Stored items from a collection
..............................
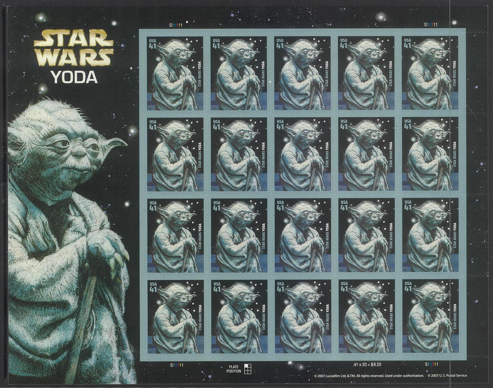 USA 2007 Star Wars Yoda 41c Sheet/20 Stamps Scott 4205 MUH #US55
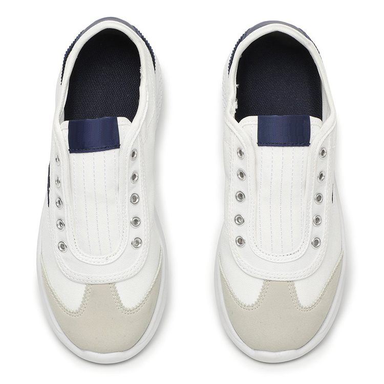 This is a pair of children's canvas shoes. It is different from the traditional canvas shoe design. The appearance is more individualized, and the color contrast design is more fashionable. It is popular with boys and girls.The shoe upper is mainly made of canvas material, and the front and back heel parts of the shoe are made of leather material, so the shoe shape is more stable.This shoe is a laceless design,It is slip on, Low-cut version,easy to put on and take off.The midsole of the shoe is made of MD material, There is a lattice pattern on the outside of the midsole ,the sole is elastic and soft, suitable for children's feet.The outsole material of the shoe is rubber, and the sole has a polygonal convex pattern. It has strong grip, anti-skid and abrasion resistance.This is a pair of children's flat casual shoes, suitable for children's daily wear in spring, summer and autumn, go out to play, go to school, etc.
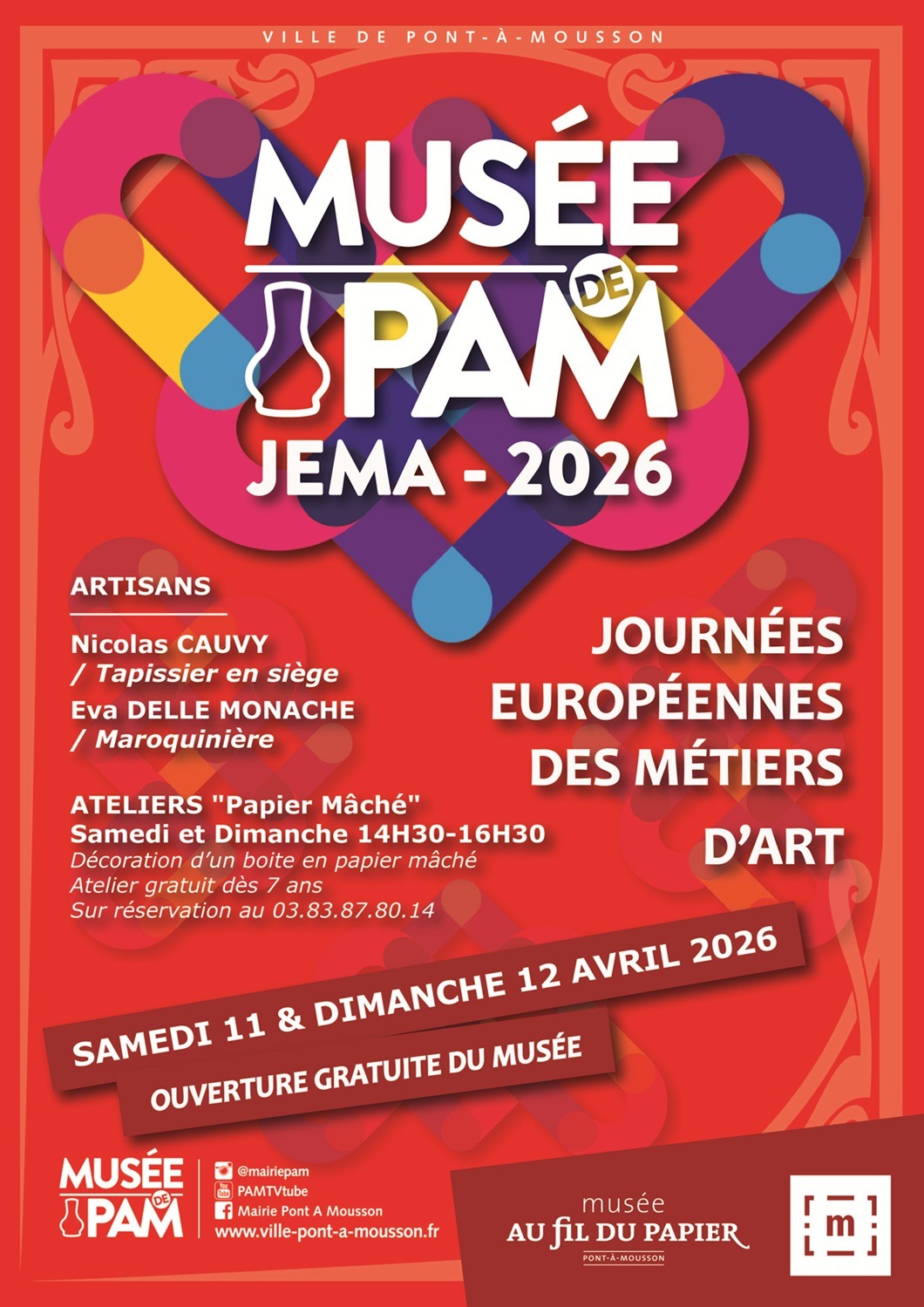 Dans le cadre des Journées Européennes des Métiers d'Art 2026, le musée municipal « Au fil du Papier » de Pont-à-Mousson ouvrira ses portes gratuitement au public le samedi 11 et dimanche 12 avril, de 14h à 18h.
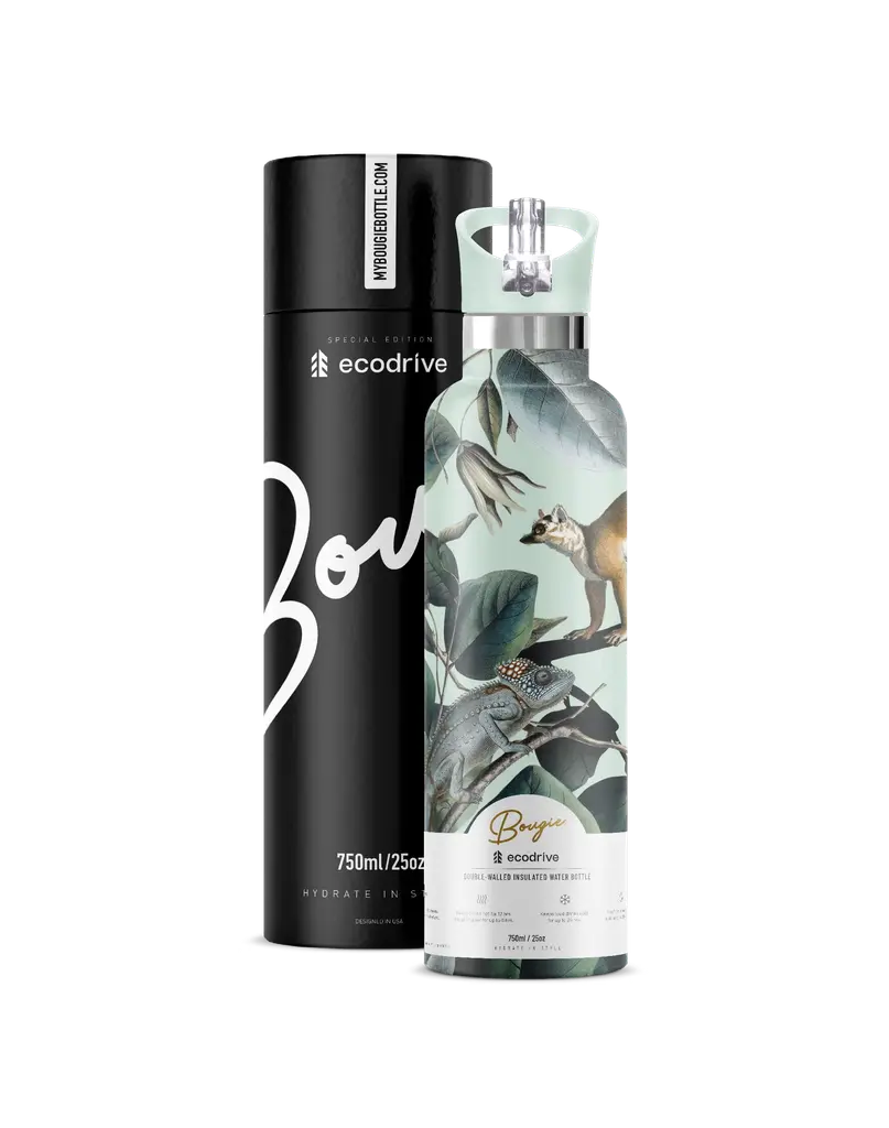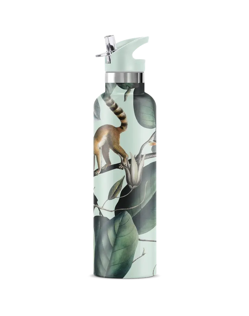 Discover the Ecodrive 25oz. Insulated Water Bottle, where style meets eco-conscious functionality, inspired by the lemurs from Madagascar. This versatile bottle features a convenient Flip 'n' Sip Straw Lid, perfect for sipping refreshing drinks on the go or sharing chilled wine with friends.
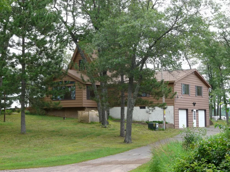 Fantastic peninsula lot with well over 700 of frontage and water views all around. Low elevation and sand shore on clear water Birch Island Lake offers ideal swimming and recreation environment. Large 4 bedroom, 3 bath cabin is the perfect starting point to create your dream get-a-way. Main level walkout family room and Kitchen area. 2 single car tuck under and a 2 car detached garage for plenty of storage. Privacy and a beautiful setting near the end of the road.
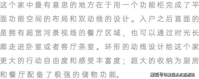 方案三易其稿,410平米的空间最终敲定的平面里只保留了两个卧室,但他们并没有把大量的空间留个客厅,而是将其均衡地分配给厨房、餐厅、茶室、卧室等生活的功能空间以及储物的空间.
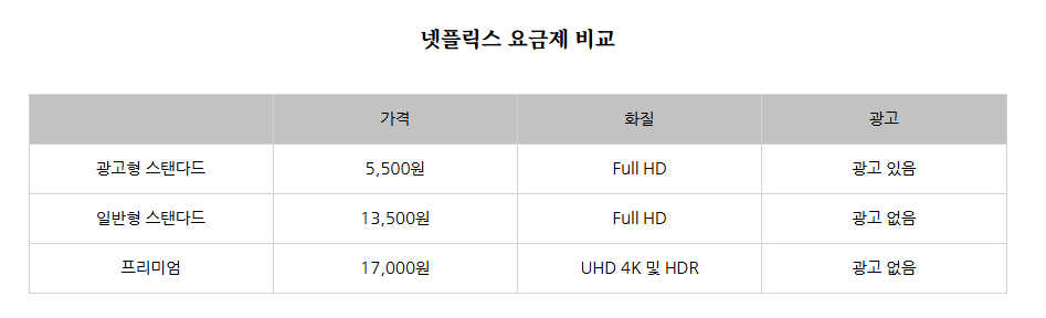 3) 넷플릭스 요금제 비교
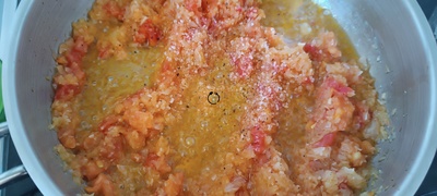 - Empezamos la receta picando la cebolla, el diente de ajo y los tomates que le habremos quitado la piel previamente. Ponemos en una sartén grande unas 3 o 4 cucharadas de aceite y sofreímos hasta que la cebolla este tierna unos 10-12 minutos a fuego medio bajo. Añadimos el ajo y seguimos sofriendo 2 minutos, pasado el tiempo agregamos el tomate y salpimentamos y después dejamos sofreír 10 minutos.
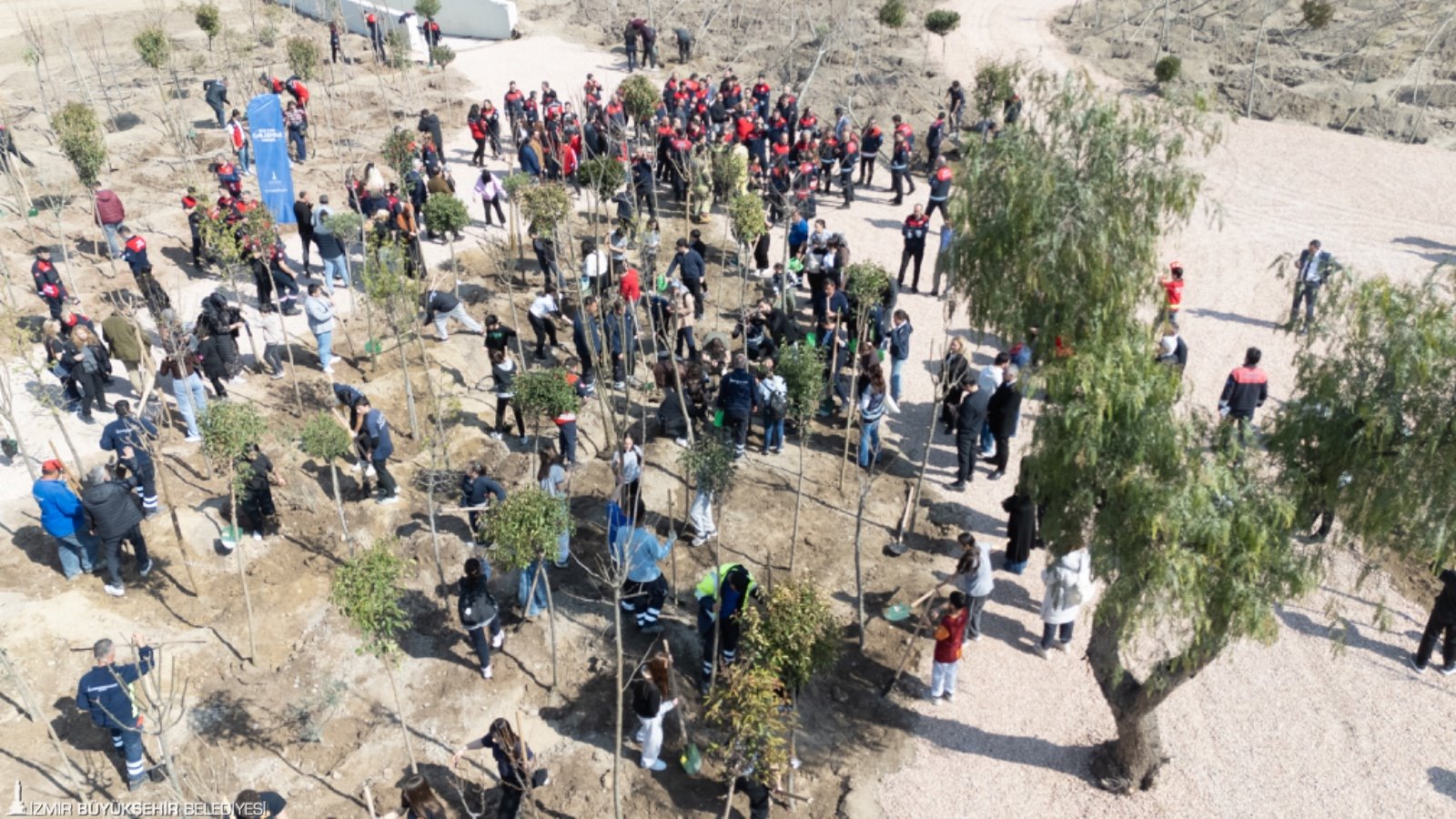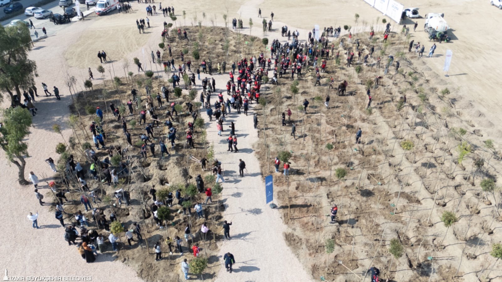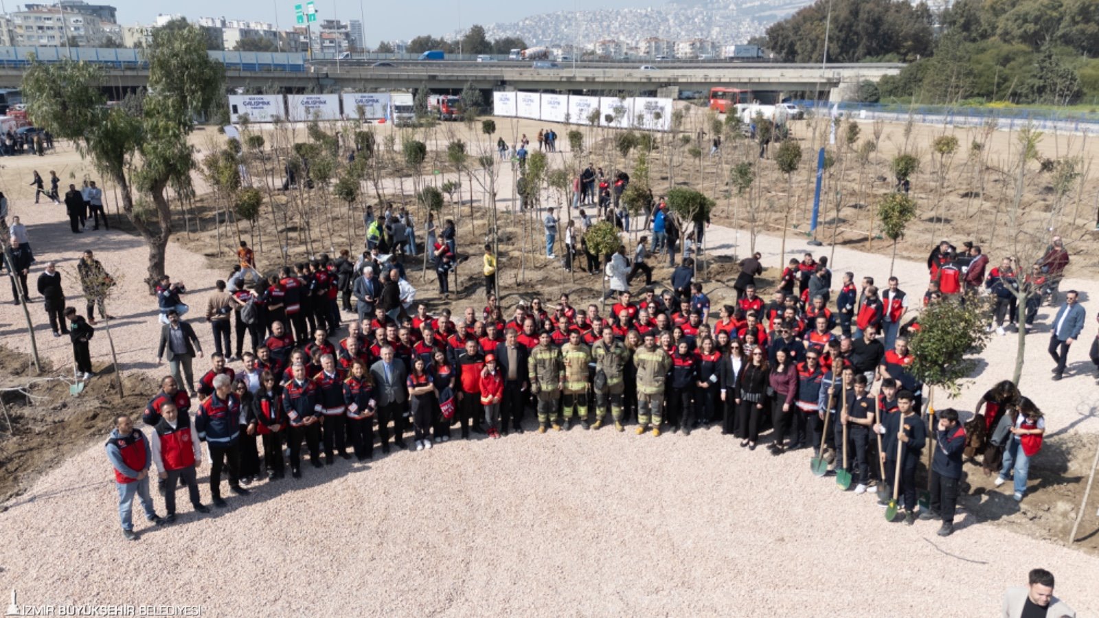 İzmir Büyükşehir Belediyesi, kent ekolojisini güçlendirmek ve iklim değişikliğiyle mücadeleye katkı sağlamak amacıyla Bornova’da mikro orman çalışmalarını başlattı. Aşık Veysel Rekreasyon Alanı yanındaki 8 bin metrekarelik alana ilk ağaçlar, İzmir Büyükşehir Belediye Başkanı Dr. Cemil Tugay’ın katıldığı törenle dikildi. İzmir’in iklimine uygun yaklaşık 10 bin ağaç ve çalı bitkisinin dikileceği mikro ormana, yangınlarla mücadelede canlarını ortaya koyan itfaiye personelinin onuruna “İzmir İtfaiyesi Korusu” adı verildi. Başkan Tugay, Talatpaşa Ortaokulu ve Şehit Sevda Güngör Özel Eğitim Uygulama Okulu öğrencileri ile itfaiye personeli eşliğinde fidanları toprakla buluşturdu.
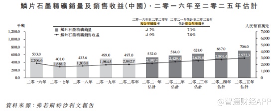 近年来,这两种石墨产品在我国市场销量持续高速增长。根据弗若斯特沙利文报告显示,2016-2020年间,中国球形石墨销量复合年增长率达到21.7%,销售收益复合年增长率为16.8%;鳞片石墨精矿销量复合年增长率则预计于2021-2025年间达到7.3%,销售收益复合年增长率有望达到7.8%。
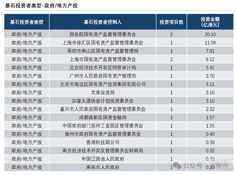 政府/地方产投合计投资70.98亿港元,占比54.03%;
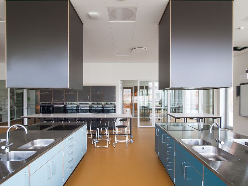 ST Skoleinventar has delivered furniture for the following specialised classrooms: Food Technology, Craft and Design workshop, Staff rooms, library, kitchenette and lockers.
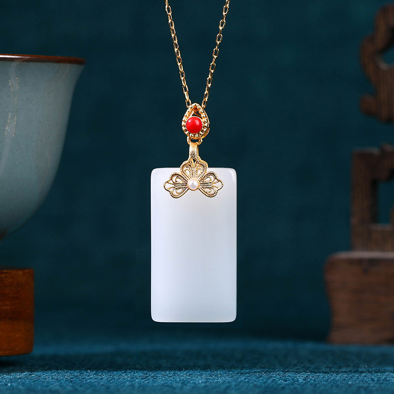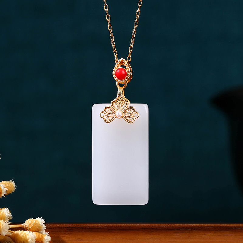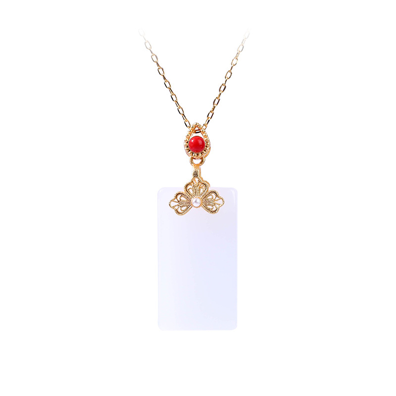Be the first to review “Elyuan original national fashion design ancient gold-plated feeling good luck Lotus free square brand non-imitation Hetian jade necklace”
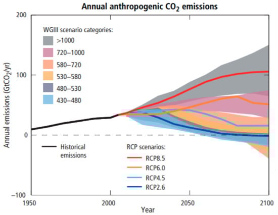 Annual carbon dioxide (CO2) emissions in the representative concentration pathways (RCPs) and the associated scenario categories [10].
..............................
Give back the entries verbatim but drop every picture.

## Answer box
 USA 2007 Star Wars Yoda 41c Sheet/20 Stamps Scott 4205 MUH #US55
 This is a pair of children's canvas shoes. It is different from the traditional canvas shoe design. The appearance is more individualized, and the color contrast design is more fashionable. It is popular with boys and girls.The shoe upper is mainly made of canvas material, and the front and back heel parts of the shoe are made of leather material, so the shoe shape is more stable.This shoe is a laceless design,It is slip on, Low-cut version,easy to put on and take off.The midsole of the shoe is made of MD material, There is a lattice pattern on the outside of the midsole ,the sole is elastic and soft, suitable for children's feet.The outsole material of the shoe is rubber, and the sole has a polygonal convex pattern. It has strong grip, anti-skid and abrasion resistance.This is a pair of children's flat casual shoes, suitable for children's daily wear in spring, summer and autumn, go out to play, go to school, etc.
 Dans le cadre des Journées Européennes des Métiers d'Art 2026, le musée municipal « Au fil du Papier » de Pont-à-Mousson ouvrira ses portes gratuitement au public le samedi 11 et dimanche 12 avril, de 14h à 18h.
 Discover the Ecodrive 25oz. Insulated Water Bottle, where style meets eco-conscious functionality, inspired by the lemurs from Madagascar. This versatile bottle features a convenient Flip 'n' Sip Straw Lid, perfect for sipping refreshing drinks on the go or sharing chilled wine with friends.
 Fantastic peninsula lot with well over 700 of frontage and water views all around. Low elevation and sand shore on clear water Birch Island Lake offers ideal swimming and recreation environment. Large 4 bedroom, 3 bath cabin is the perfect starting point to create your dream get-a-way. Main level walkout family room and Kitchen area. 2 single car tuck under and a 2 car detached garage for plenty of storage. Privacy and a beautiful setting near the end of the road.
 方案三易其稿,410平米的空间最终敲定的平面里只保留了两个卧室,但他们并没有把大量的空间留个客厅,而是将其均衡地分配给厨房、餐厅、茶室、卧室等生活的功能空间以及储物的空间.
 3) 넷플릭스 요금제 비교
 - Empezamos la receta picando la cebolla, el diente de ajo y los tomates que le habremos quitado la piel previamente. Ponemos en una sartén grande unas 3 o 4 cucharadas de aceite y sofreímos hasta que la cebolla este tierna unos 10-12 minutos a fuego medio bajo. Añadimos el ajo y seguimos sofriendo 2 minutos, pasado el tiempo agregamos el tomate y salpimentamos y después dejamos sofreír 10 minutos.
 İzmir Büyükşehir Belediyesi, kent ekolojisini güçlendirmek ve iklim değişikliğiyle mücadeleye katkı sağlamak amacıyla Bornova’da mikro orman çalışmalarını başlattı. Aşık Veysel Rekreasyon Alanı yanındaki 8 bin metrekarelik alana ilk ağaçlar, İzmir Büyükşehir Belediye Başkanı Dr. Cemil Tugay’ın katıldığı törenle dikildi. İzmir’in iklimine uygun yaklaşık 10 bin ağaç ve çalı bitkisinin dikileceği mikro ormana, yangınlarla mücadelede canlarını ortaya koyan itfaiye personelinin onuruna “İzmir İtfaiyesi Korusu” adı verildi. Başkan Tugay, Talatpaşa Ortaokulu ve Şehit Sevda Güngör Özel Eğitim Uygulama Okulu öğrencileri ile itfaiye personeli eşliğinde fidanları toprakla buluşturdu.
 近年来,这两种石墨产品在我国市场销量持续高速增长。根据弗若斯特沙利文报告显示,2016-2020年间,中国球形石墨销量复合年增长率达到21.7%,销售收益复合年增长率为16.8%;鳞片石墨精矿销量复合年增长率则预计于2021-2025年间达到7.3%,销售收益复合年增长率有望达到7.8%。
 政府/地方产投合计投资70.98亿港元,占比54.03%;
 ST Skoleinventar has delivered furniture for the following specialised classrooms: Food Technology, Craft and Design workshop, Staff rooms, library, kitchenette and lockers.
Be the first to review “Elyuan original national fashion design ancient gold-plated feeling good luck Lotus free square brand non-imitation Hetian jade necklace”
 Annual carbon dioxide (CO2) emissions in the representative concentration pathways (RCPs) and the associated scenario categories [10].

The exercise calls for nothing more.